Dia Nacional do Combate ao Fumo: fumantes relatam dificuldades em abandonar o tabagismo

Uma das principais consequências do tabaco, o câncer de pulmão, é o segundo tipo mais frequente no país, atrás apenas do câncer de pele e melanoma

Neste sábado (29) é celebrado o Dia Nacional do Combate ao Fumo. De acordo com o Inca – Instituto Nacional de Câncer –, a data tem como objetivo reforçar as ações nacionais de sensibilização e mobilização da população para os danos sociais, políticos, econômicos e ambientais causados pelo tabaco. Criado em 1986 pela Lei Federal 7.488, a data inaugura a normatização voltada para o controle do tabagismo como problema de saúde coletiva.

Segundo dados do Ministério da Saúde, o câncer de pulmão, uma das principais consequências do tabaco, é o segundo mais comum no Brasil, atrás apenas do câncer de pele e melanoma. Além disso, fumantes estão mais propícios a internações no hospital, quando associado a outras doenças.

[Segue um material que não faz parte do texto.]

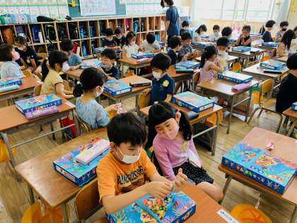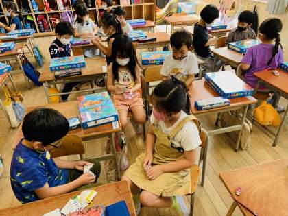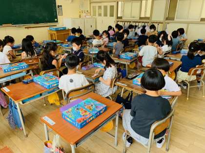 自分で読み上げたり、友達と問題を出し合ったりしています。

Sendo assim, a equipe do DRD conversou com fumantes e ex-fumantes, para saber como o cigarro foi apresentado na vida deles. A maioria relatou que começou fumando em rodas de amigos, apenas para se enturmarem com os demais. Entretanto, com o passar dos anos, o que era apenas hábito acabou se tornando vício. Inclusive, até para evitar o constrangimento, todos os entrevistados, apesar de aceitarem falar, preferiram não relevar a identidade.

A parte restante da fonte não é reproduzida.